# Satoh s370d beaver



## Bsblhater (Jan 7, 2018)

New to the group today. Hi everyone. Purchased one of these tractors today. Does anyone have a pdf service manual that they could share. All i can find is one for 59 bucks that seems unreasonable to me. Tractor seems to run good has a loader on it. I need to learn as much as i can about him as far as servicing and all.


----------



## Bsblhater (Jan 7, 2018)

I need a manual for this satoh s370d. Iam not having a problem as of yet but i just got it today


----------



## willys55 (Oct 13, 2016)

welcome to the club, I don't have anything for that but hang in there and someone who does know will chime in


----------



## Bsblhater (Jan 7, 2018)

Thankyou could not really find any negatives on this little tractor . Hope to find good manual in pdf if possible


----------



## Bsblhater (Jan 7, 2018)




----------



## Bsblhater (Jan 7, 2018)

Iam at work but hunting around found manual section here
No satoh help as of yet. Still digging


----------



## Bsblhater (Jan 7, 2018)

Where can i get a serial number to identify the year


----------



## Bsblhater (Jan 7, 2018)

Hello i can not get the beaver to start. Load tested the battery its bad. Put a new one in getting lots of smoke but wont start. Sounds like it close but wont. Can anyone help. Any advice please. Its just me and wife so i really dont want to tow it.


----------



## EdF (Sep 15, 2014)

Howdy Bsblhater, welcome aboard the tractor forum.

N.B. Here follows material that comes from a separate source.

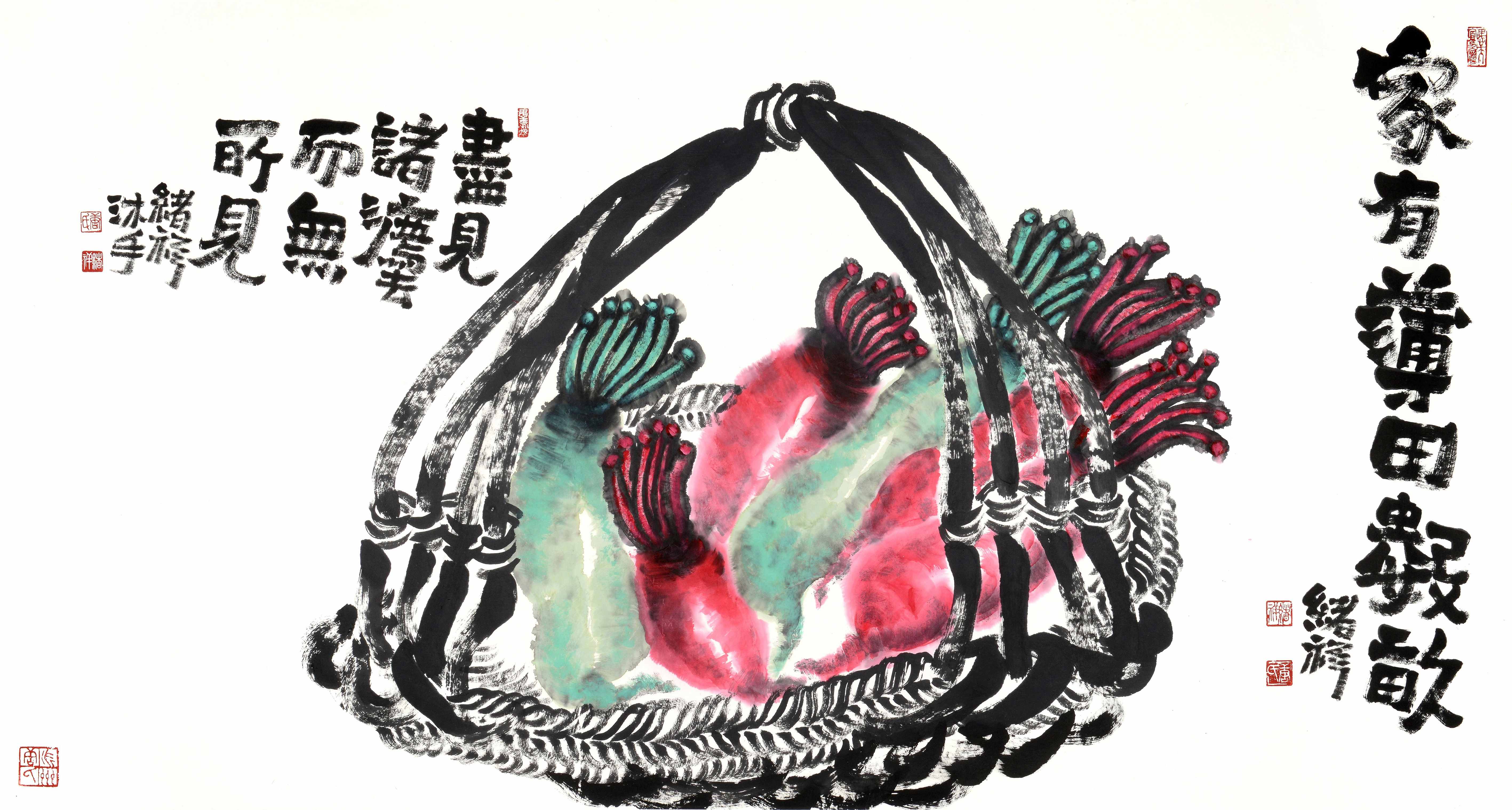 唐绪祥的绘画作品“心随笔运,取象不惑”。他的“自家山水”的一景一物都是诗心气象,“自家果疏”的一味一品都是心灵镜像。

You can get a complete repair manual for your tractor on ebay for $42.50. EBay item number:
172431648366. They don't come much cheaper than that.

Your Beaver has glow plugs in the firing chamber that have to be pre-heated prior to cranking. In cold weather, I would heat them for about 30 seconds, and then continue to heat while cranking. If the engine is not detonating the fuel/air mix, you will see white smoke coming out the exhaust. Engine compression detonates the fuel/air mix. Your compression may be a bit low due to the tractor sitting idle for an extended period. Keep the battery charged up for cranking.


----------



## Bsblhater (Jan 7, 2018)

Hey guys my rear tires say 8-16 what tire chain would that be any idea. I need a pair soon. Another snowstorm coming in. Also do they make a back blade for a cat zero
. I have a backblade but its to big for the satoh


----------



## sixbales (May 18, 2011)

You can readily find tire chains for 8-16 tires on the internet. RC Wells gave you a source earlier today.

They do make Cat 0 back blades. Check out the internet. You can also take a small Cat 1 blade and swap Cat 0 pins in it to fit your Beaver.


----------



## Bsblhater (Jan 7, 2018)

Thanks 6 bales i have spent several hours on the internet putting it in every way i can possibly think of and it does not come up with a f-------n tire chain i can purchase that will work the first time. They give so many tires that the chainbs fit it ridiculous. And for the tire numbers to be 8-16 that search sucks. Yeah i can find tires.


----------



## sixbales (May 18, 2011)

Try this site: *8-16 Tire Chains - TireChains.com* They present 9 different types (with pictures) of tire chains to fit an 8-16 tire. If you are not comfortable with this, you might consider buying chains locally.


----------